Full fine-tuning is worth considering only when you have large datasets (10k+ examples) and need to squeeze out every last percentage point of accuracy.

Step 5: Train the Model

With distil labs, training is as simple as providing your data and configuration:

base:
  task: classification
  student_model_name: Qwen3-0.6B
  teacher_model_name: Llama-3.3-70B-Instruct
tuning:
  num_train_epochs: 4
  use_lora: true
synthgen:
  generation_target: 1000

The platform handles the heavy lifting: synthetic data generation from a teacher model, training with LoRA adapters, and evaluation against your test set.

Step 6: Evaluate

Always evaluate your fine-tuned model against a held-out test set. Key metrics to track:

  • Task accuracy — does the model produce correct outputs?
  • Latency — how fast is inference?
  • Consistency — does the model behave predictably across similar inputs?

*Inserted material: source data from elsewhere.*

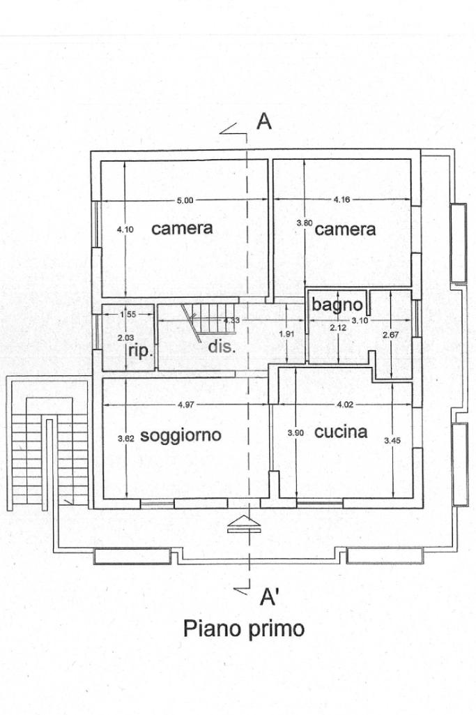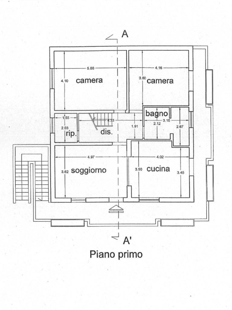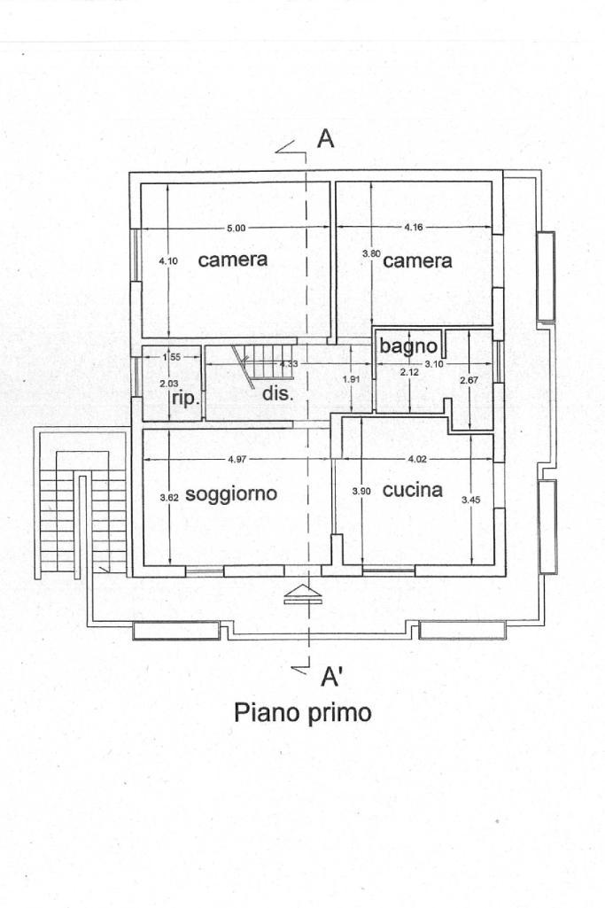 L’ingresso si apre sul primo piano, dove si sviluppa la zona giorno , parzialmente rifinita in parquet, caratterizzata da soggiorno e cucina. La zona notte comprende due camere matrimoniali, entrambe con pavimenti in parquet: una con accesso diretto al terrazzo, l’altra dotata di una comoda cabina armadio. Completano il piano un bagno finestrato con vasca e un pratico ripostiglio.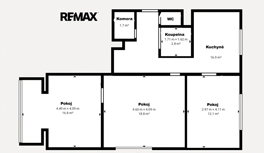 Celková výměra bytu je 70m², dále 1x sklep a možnost užívat společné prostory v domě.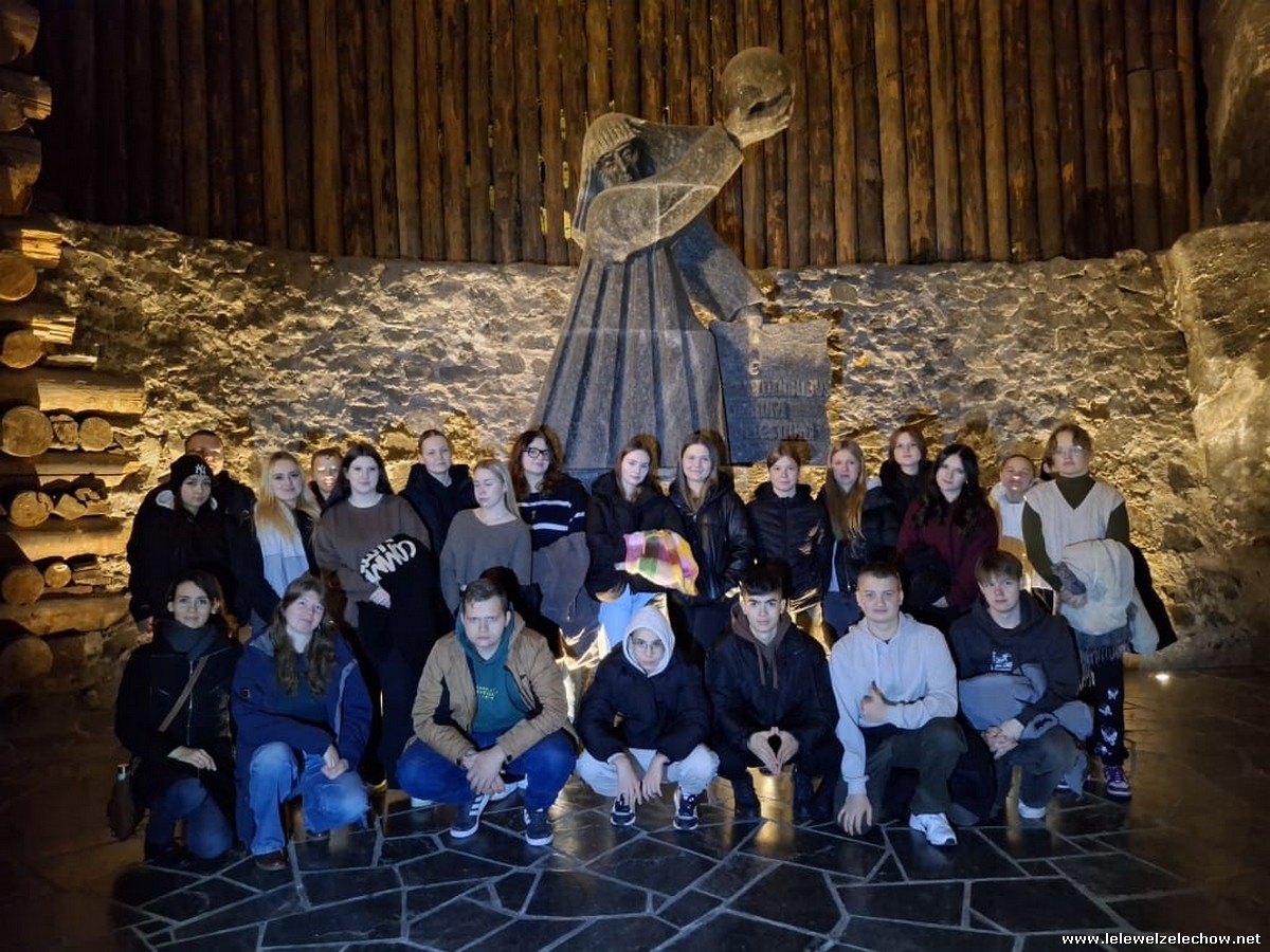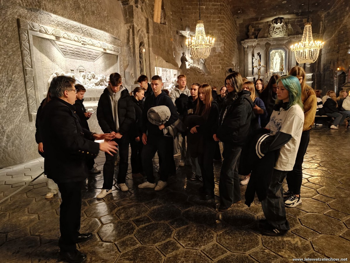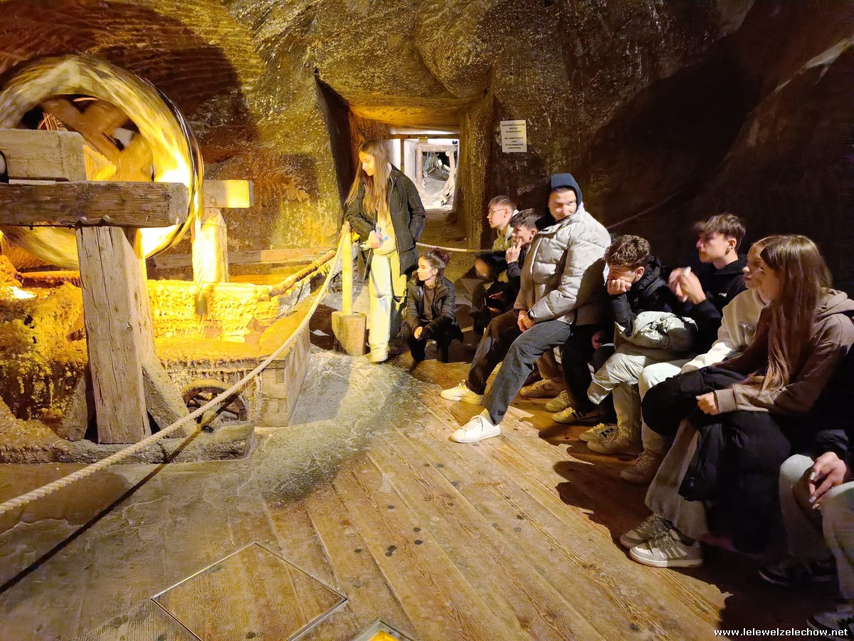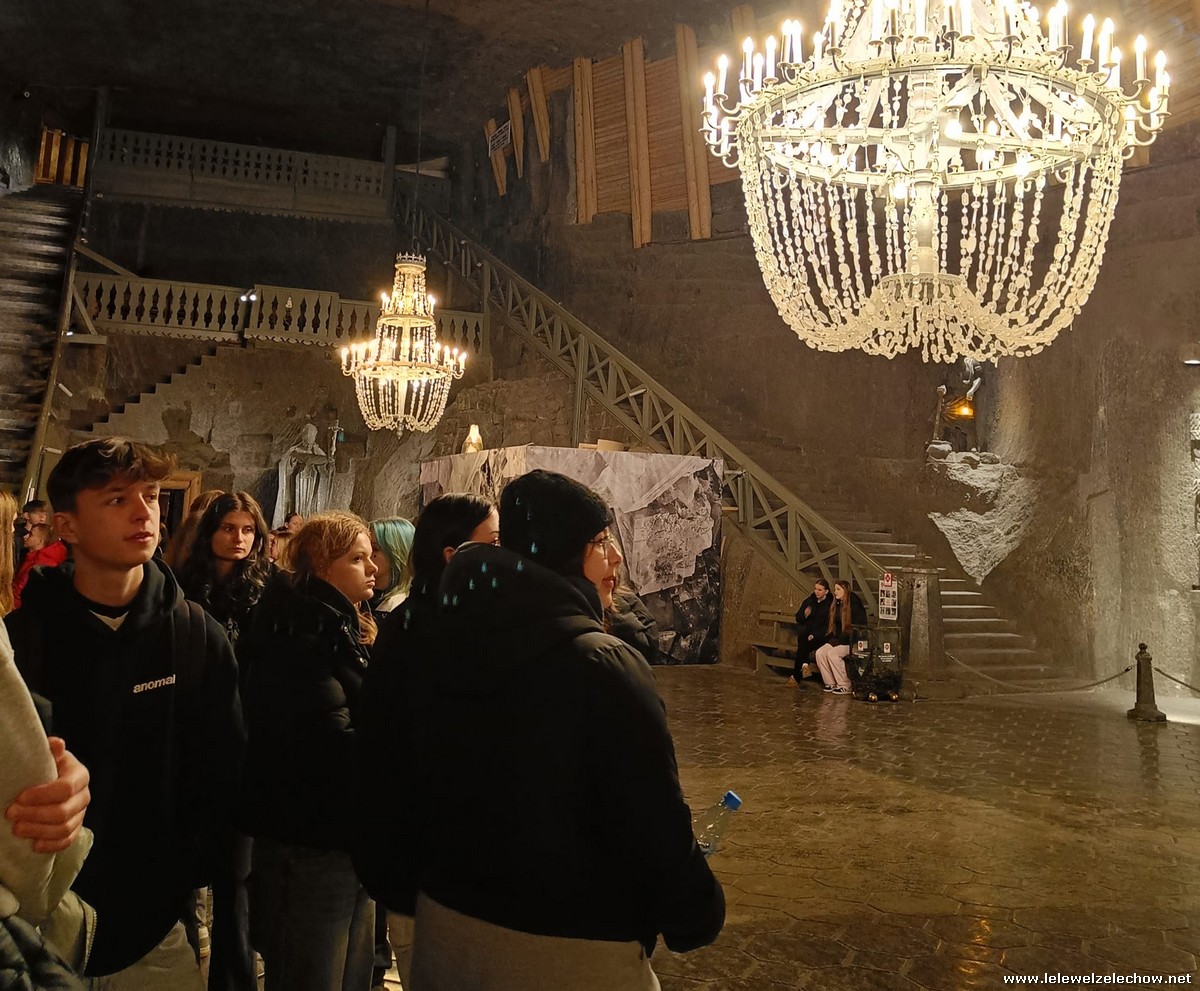 Trzeciego dnia Podróży z klasą trzecioklasiści z Lelewela zwiedzili Kopalnię Soli w Wieliczce, w tym Muzeum Żup Krakowskich. Zeszliśmy po 380 stopniach na poziom pierwszy na głębokość 64 m pod powierzchnią. Po pokonaniu kolejnych 700 stopni znaleźliśmy się na głębokości 135 m i przemierzając kolejne komory, chodniki i jaskinie solankowe poznawaliśmy historię sposobów wydobycia soli na ziemi krakowskiej. Przewodnicy opowiedzieli nam legendę o świętej Kindze, węgierskiej królewnie poślubionej przez księcia Bolesława Wstydliwego. Kinga, pragnąc podarować swym nowym poddanym sól, wrzuciła swój zaręczynowy pierścień do jednego z szybów kopalni, który miał zostać wydobyty wraz z pierwszą bryłką soli na ziemiach polskich. W Wieliczce znajduje się kaplica poświęcona właśnie św. Kindze. Na zakończenie zwiedzania odwiedziliśmy Muzeum Żup Krakowskich z obszerną panoramą miasta Wieliczka.

Compare your fine-tuned SLM against the teacher model. In our benchmarks, distilled students match or exceed the teacher on 8 of 10 datasets.

Step 7: Deploy

Once you’re satisfied with evaluation results, deploy your model. Fine-tuned SLMs are small enough to run almost anywhere:

  • Cloud API — deploy to a serverless endpoint for easy integration
  • On-premises — run on your own infrastructure for maximum data privacy
  • Edge devices — models under 3B parameters can run on mobile and IoT hardware

What’s Next?

Fine-tuning is an iterative process. Start with a small number of examples, evaluate, and improve your dataset based on where the model struggles. With each iteration, your SLM gets closer to production-ready performance.